WORK ITEM ▸
From the first line of the listing, copy each line exactly until you have included the line with "- Versatile Grooming"; leave out the pictures.

PROVIDED MATERIAL ▸
····················
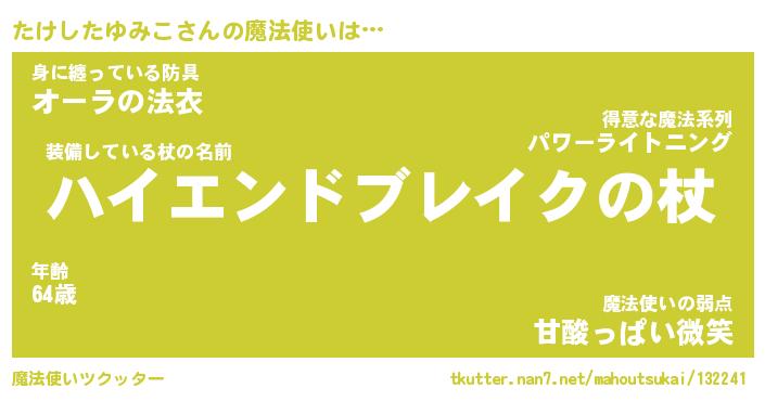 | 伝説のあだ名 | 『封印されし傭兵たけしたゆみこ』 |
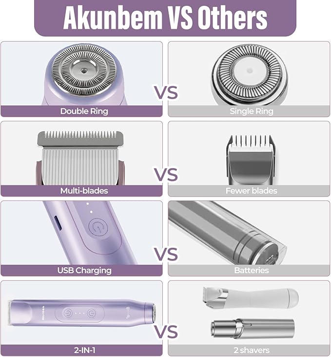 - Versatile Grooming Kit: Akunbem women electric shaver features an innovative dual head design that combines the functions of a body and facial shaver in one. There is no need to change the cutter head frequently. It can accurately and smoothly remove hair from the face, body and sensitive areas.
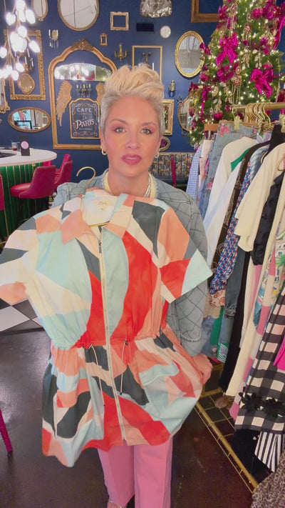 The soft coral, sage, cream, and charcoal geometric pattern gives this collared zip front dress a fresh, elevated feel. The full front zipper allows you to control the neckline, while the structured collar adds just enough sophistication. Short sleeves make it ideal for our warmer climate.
····················
EXPECTED ANSWER ▸
 | 伝説のあだ名 | 『封印されし傭兵たけしたゆみこ』 |
 - Versatile Grooming Kit: Akunbem women electric shaver features an innovative dual head design that combines the functions of a body and facial shaver in one. There is no need to change the cutter head frequently. It can accurately and smoothly remove hair from the face, body and sensitive areas.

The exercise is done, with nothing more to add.